Feature: Space Cowboys

If you know where to look in New Mexico’s vast Chihuahuan Desert, you can find cows making sharp turns, as though they had run into a barbed-wire fence, even though there is no barrier to be seen.

Watching cows turn might sound even sillier than the rural prank of cow-tipping, but what’s going on is worth tracking. The cows are part of a potentially lucrative experiment in using the Global Positioning System and show that when it comes to novel applications for the GPS, well, the sky may be the limit.

"The number and variety of applications seem to just keep increasing," says Professor Richard Langley, an expert on GPS at the University of New Brunswick in Canada.

The cows wear collars that communicate with the two dozen GPS satellites that were initially deployed to help the military aim nuclear missiles and that have entered commercial use. Dean Anderson, the U.S. Department of Agriculture researcher responsible for developing the collars, says that if a cow strays outside a designated area, a microprocessor in the collar whispers the electronic equivalent of a cowboy’s traditional "gee" [go right] or "haw" [go left] toward the animal’s correct ear. Anderson says cows and most other animals naturally move in the opposite direction of a sharp sound. "Animals are pretty darn smart," Anderson says. The sound cues grow in intensity if the animal ignores them. If the cow crosses a specified boundary, the collar applies a mild shock.

The "roundup" collar could save ranchers thousands of dollars a mile in fencing, and cattlemen could avoid overgrazing by using the GPS collars to move livestock. Anderson hopes the collar eventually will be manufactured for widespread commercial use.

At ski resorts, the GPS is being used to conserve energy and water. Radar scanners linked to the GPS are dragged across ski slopes, to produce three-dimensional color maps that show snow-pack depth to within a couple of inches. By knowing the precise depth and distribution of snow, the ski resort can turn off snow guns to avoid unnecessary snowmaking.

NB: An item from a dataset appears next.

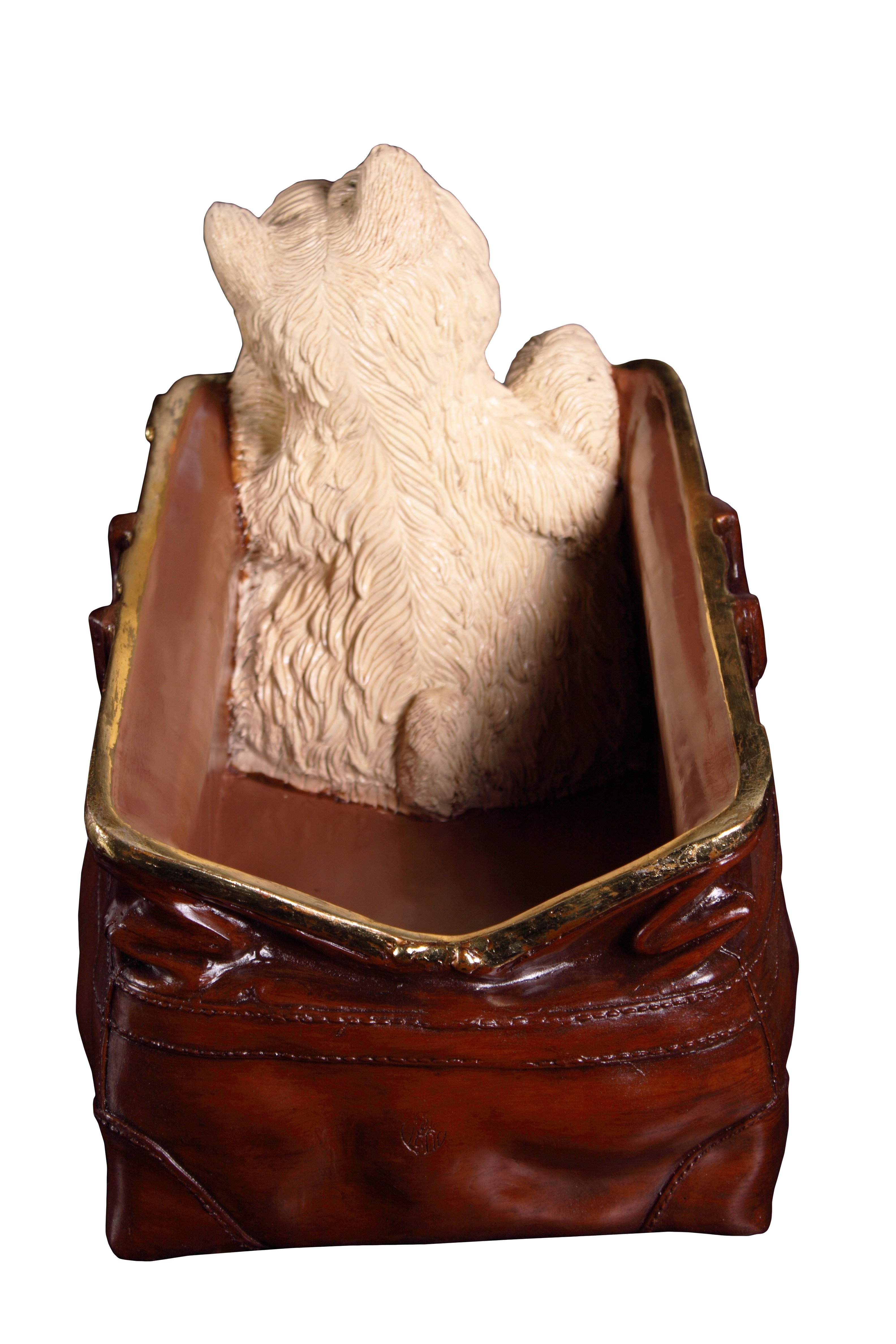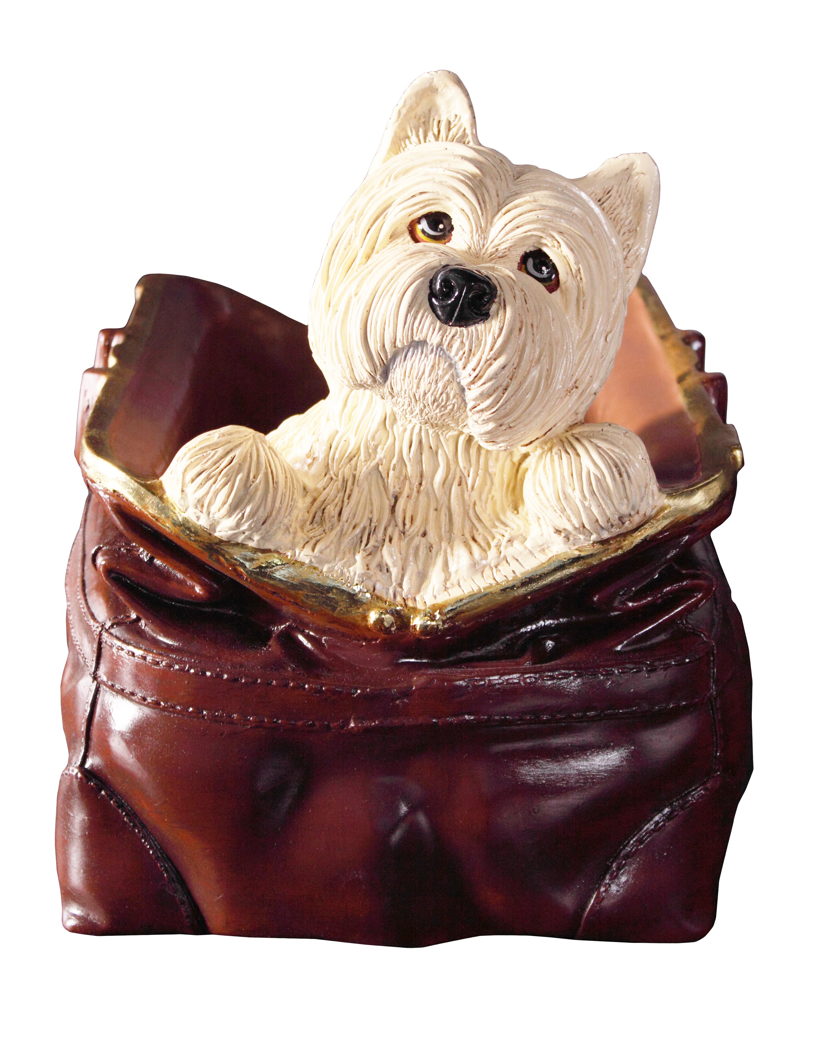 The Scottie In Bag from Whimsical Treasures brings an exclusive style that will enhance your design area featuring lovable white terrier gazing from inside bag. This multicolored decorative accessory from the More Functional decor Collection will provide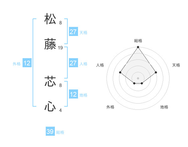 松藤 芯心さんの総格は39画の5点!

"There’s always a tendency to over-make snow [because] you don’t want unhappy customers," says Scott Fifer, president of Resource Engineering Inc., the water resources engineering firm that developed the SnowQUEST system. The system has been deployed by resorts at Vermont’s Stratton Mountain and Colorado’s Aspen and Copper mountains.

In Flathead County, Mont., GPS is being used to re-create crime scenes on three-dimensional maps, making it easier for juries to visualize events such as getaways. That has helped jurors reach verdicts, says Rick Breckenridge, a mapping expert for the county. At a crime scene, he uses a GPS receiver and survey equipment to pinpoint locations. He then plots the information on a map, to show where evidence was found and to bring into focus the role of roads, ditches, buildings, and other geographic features. In one case, a map was used to show how a witness standing on a balcony at night could have heard an argument 150 feet away that preceded a shooting.

Between Denver and Durango, Colo., mapping consultant Jerry Brown and a group of friends transported a GPS receiver along a popular, 487-mile trail to produce an ultra-accurate, CD-ROM map. The digital map upgrades government-issued topographical maps that are as much as two miles off base because the trail has been rerouted in so many places. Hikers using a GPS receiver and the new map will be much less likely to get lost among the trail’s many intersections.

In Germany, researchers at the University of Frankfurt’s Zoology Institute have developed a GPS-based tracking system to track pigeons moment by moment and try to solve the mystery of how they find their way home. The birds are harnessed with lightweight-tracking devices that can store a position each second of the birds’ flight.

It’s no accident that early uses of the GPS are happening in Montana, Colorado, Germany, and other places with wide-open spaces. GPS signals can be blocked or distorted in urban areas. In addition, most GPS receivers are accurate to just 25 meters. (Much more expensive professional receivers are accurate to one meter.) Accuracy to 25 meters lends itself fine to cows grazing but doesn’t work so well if companies try to use the system to pinpoint locations in an office building. Besides, the GPS takes a two-dimensional view of the world—a worker searching for the nearest printer in an office building might be steered to one that, from the sky, seems to be just 40 feet away but is really 40 feet away horizontally and four floors away vertically.

Still, the GPS is finding uses in cities, too. Motorists in Florida are using it to locate Walt Disney World and other tourist sites. TelEvoke Inc. has developed a system that will alert a car owner if his vehicle leaves a certain geographical area—in other words, if it is stolen. Using a similar system, the owner of a fleet of small trucks knew a driver who complained of traffic delays had actually stopped for an hour at a strip joint. Having warned drivers Big Brother was watching them via the GPS, the owner summarily fired the driver.

"There is no limit to what we can do," says Professor Gerard Lachapelle, an expert in wireless location at the University of Calgary. "Big changes are about to hit us."